◆ TASK OBJECTIVE: Print every line of the listing below, starting with the line that holds "Skupina cyklistů je připravena vyrazit." and going on through the line that holds "ప్రభుత్వ లేబర్లో అనంపూర్ నిర్మాణాలు", both included, and print nothing else.

◆ EXCERPTED RECORDS:
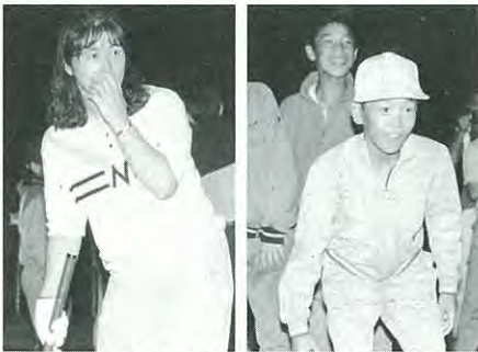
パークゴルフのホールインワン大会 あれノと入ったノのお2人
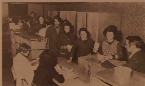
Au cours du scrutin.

==

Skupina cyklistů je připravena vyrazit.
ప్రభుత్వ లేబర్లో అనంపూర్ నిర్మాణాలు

◆ ANSWER TO THIS EXERCISE:
Skupina cyklistů je připravena vyrazit.
ప్రభుత్వ లేబర్లో అనంపూర్ నిర్మాణాలు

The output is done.